The Federal Reserve Bank of New York has published research applying artificial intelligence and natural language processing to one of finance's oldest problems: understanding why bank runs happen and how they spread. The paper, titled "Using AI to Let History Speak About Bank Runs" and released July 12, 2026 on the Liberty Street Economics blog, represents a fresh approach to financial stability research by training models on digitized archives of banking panics dating back over a century.

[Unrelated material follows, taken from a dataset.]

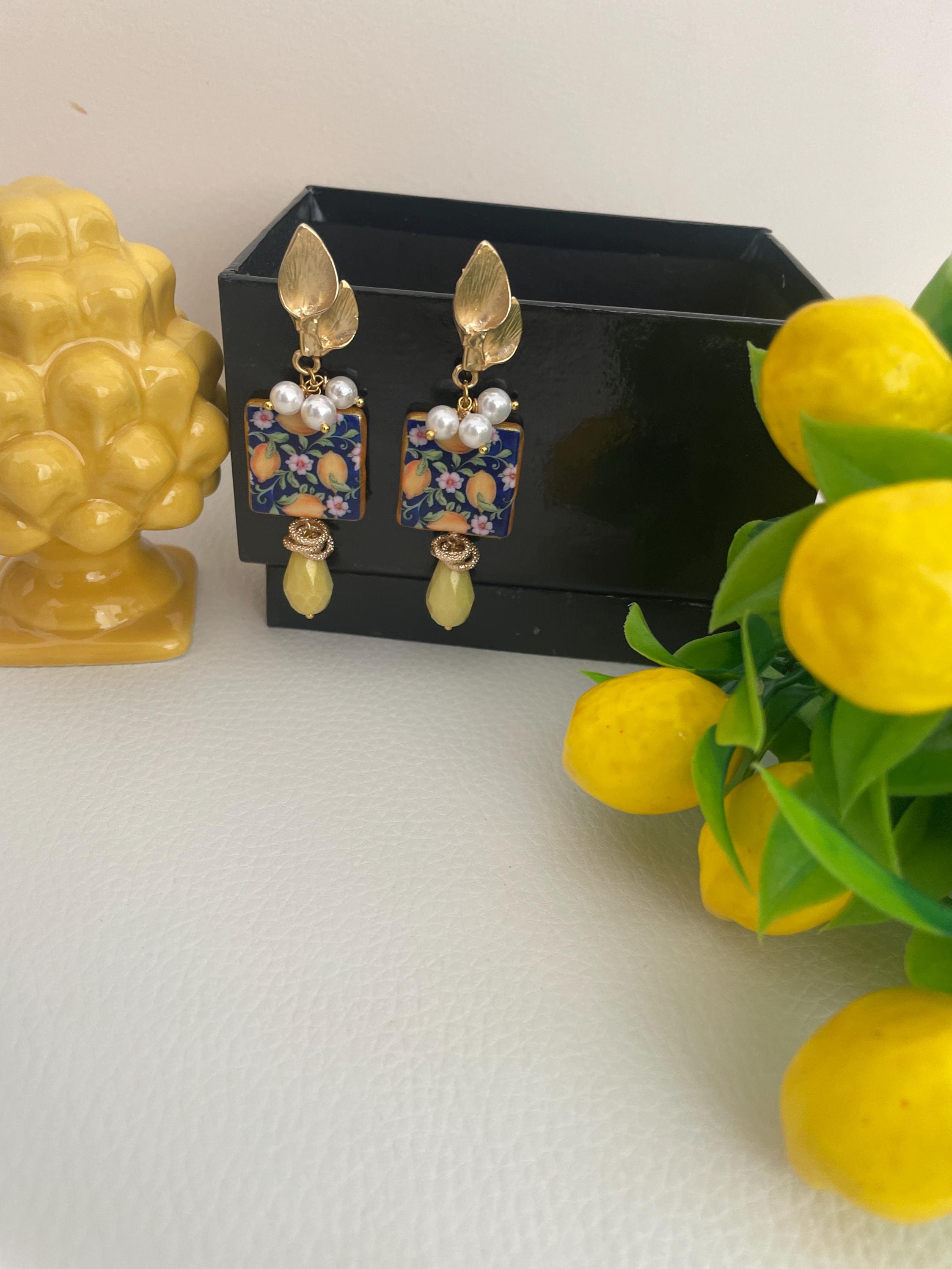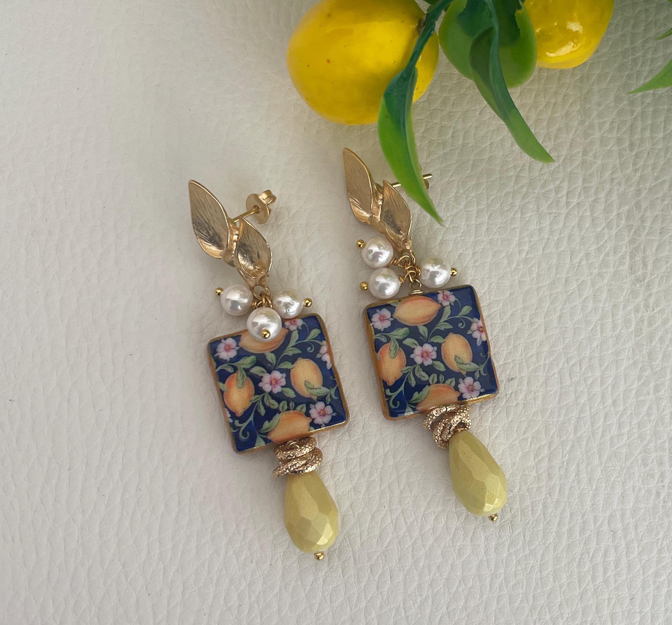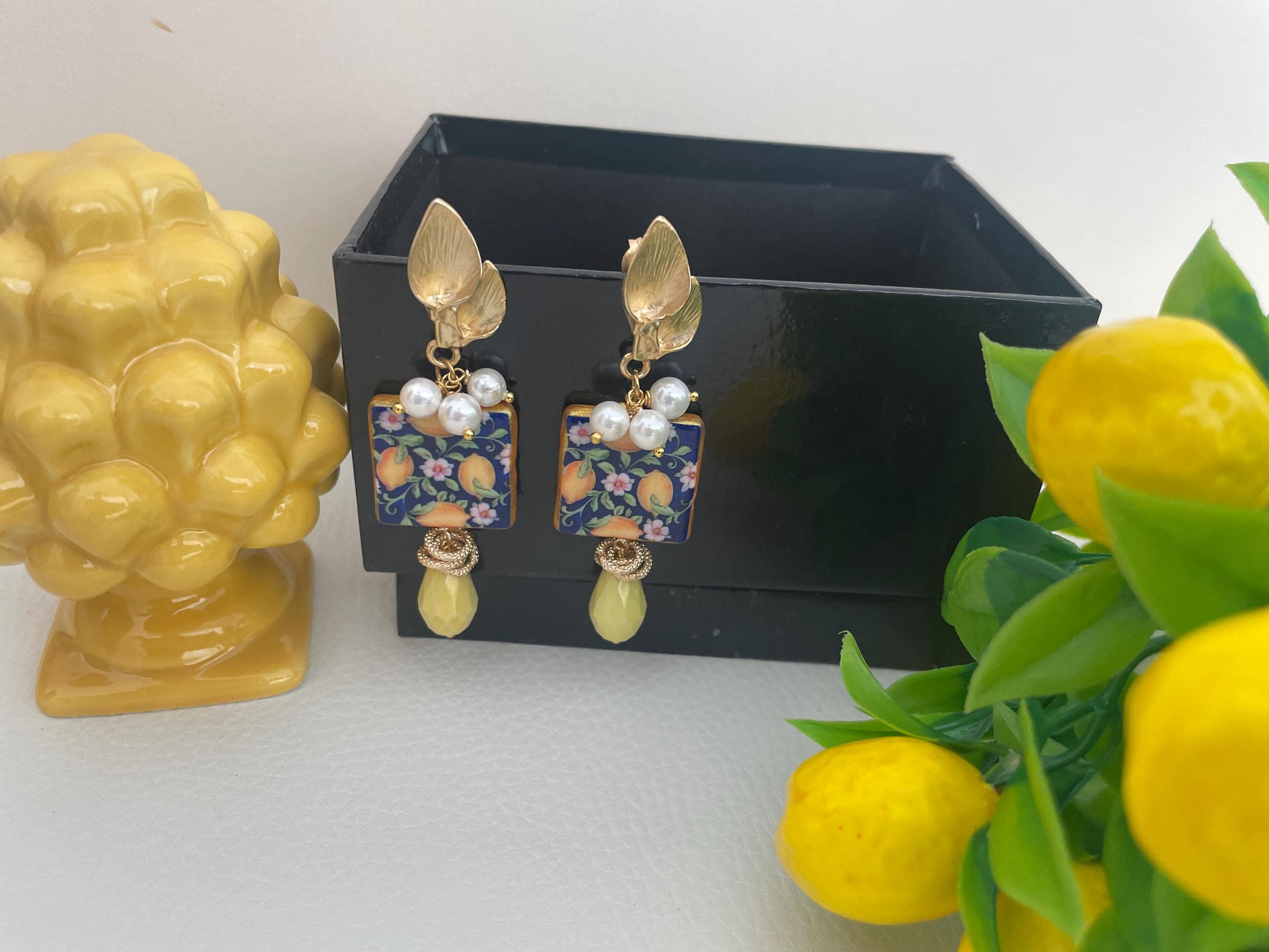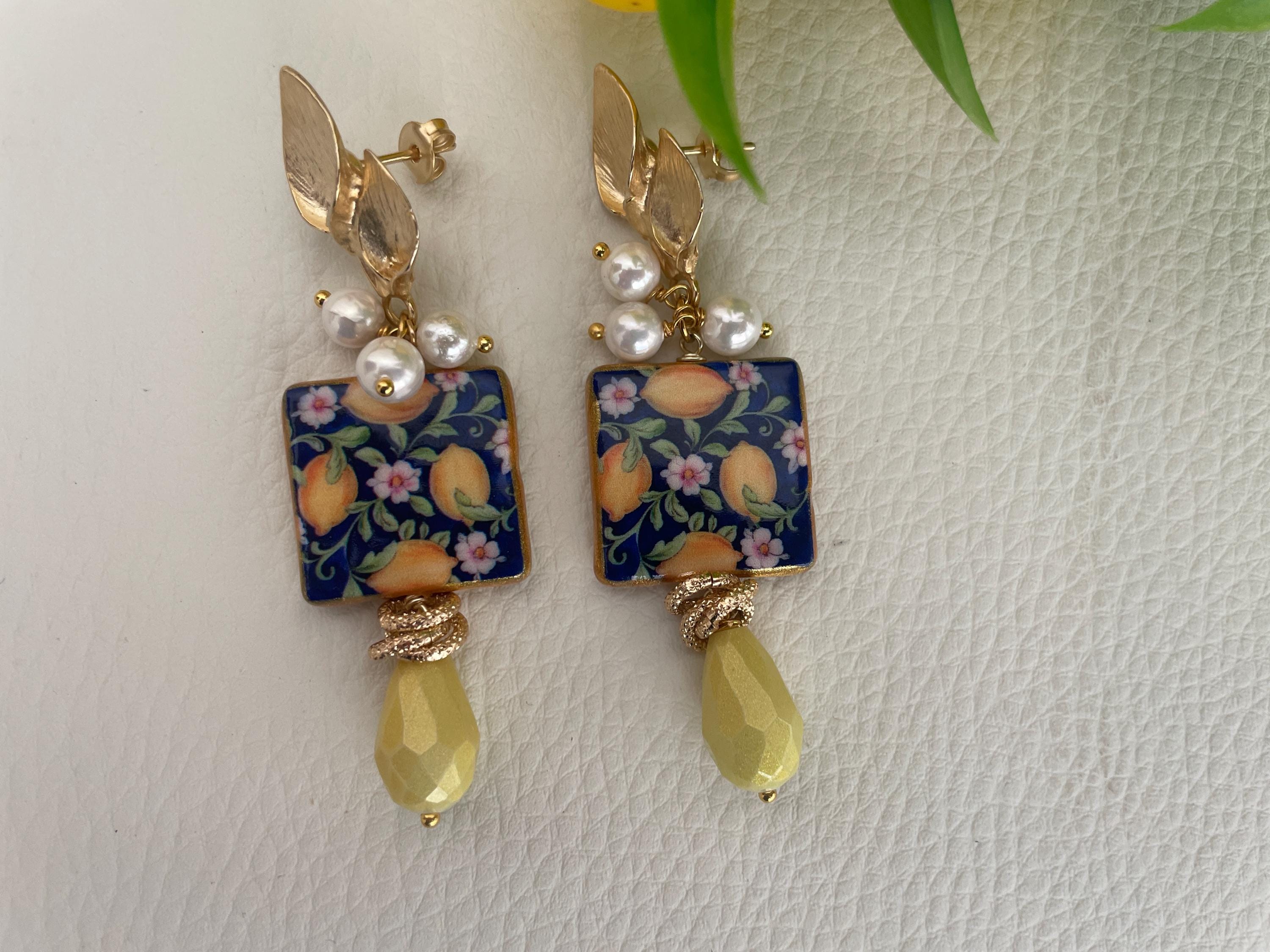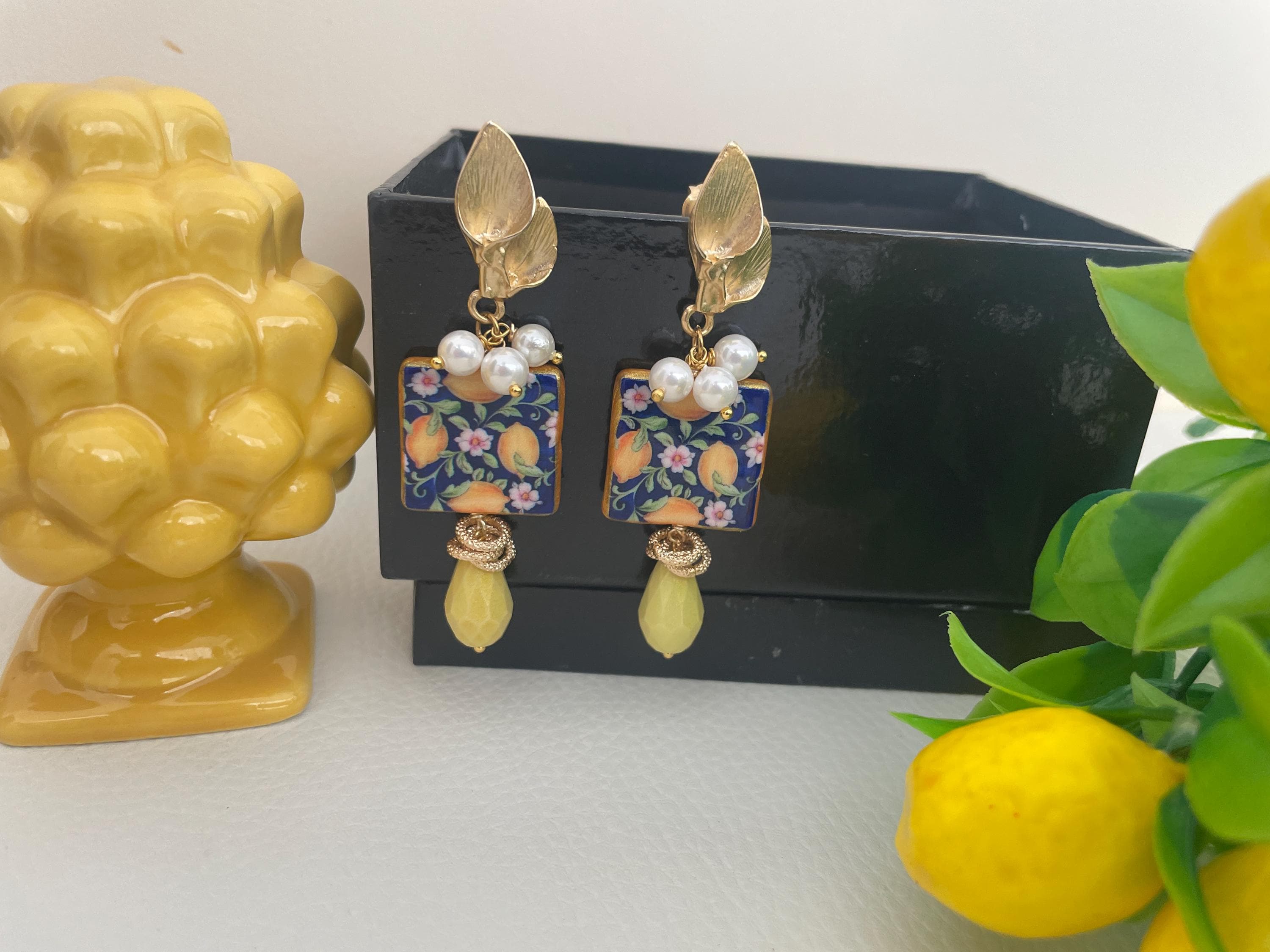 Orecchini pendenti composti da un raffinato perno floreale in zama. Una bella mattonella di ceramica stampata in superficie con Limoni gialli su fondo blu. La mattonella è bordata con smalto oro dato a fuoco.

Mining Financial History at Scale
The researchers describe using large language models to process historical newspaper reports, regulatory filings, and central bank correspondence from major panic events including the Panic of 1907, the Great Depression banking crisis, and more recent episodes. By applying NLP techniques to these unstructured historical documents, the team claims they can identify patterns in how rumors about bank solvency translated into actual withdrawals—patterns that traditional economic models often miss or oversimplify.
What the Data Reveals
According to the research summary, the AI-driven analysis suggests that depositor behavior during bank runs is more sensitive to social network effects than previous models assumed. Rather than purely rational responses to fundamental information about a bank's balance sheet, the historical record shows significant clustering of withdrawal behavior based on geographic proximity and social connections—findings with direct implications for modern digital banking where information spreads instantaneously through social media.
Implications for Modern Financial Stability
The timing of this research is notable given ongoing debates about deposit insurance reform and the appropriate regulatory response to potential instability in the regional banking sector. If AI can better predict which conditions trigger panic behavior, regulators might design more targeted interventions. The researchers caution, however, that historical patterns may not map directly onto today's financial system with its instant communications and highly interconnected institutions.
Key Takeaways
- Researchers at the New York Fed applied NLP and LLM techniques to historical banking crisis data spanning over 100 years
- The AI analysis suggests social network effects play a larger role in bank run dynamics than traditional economic models assumed
- Findings have potential implications for deposit insurance policy and modern financial stability frameworks
The Bottom Line
This is exactly the kind of applied AI research that actually matters—using modern machine learning tools to extract actionable insights from historical data, rather than chasing the latest hype cycle. If the Fed's models can help regulators get ahead of the next Silicon Valley Bank-style panic, that's a win for everyone except the doomers.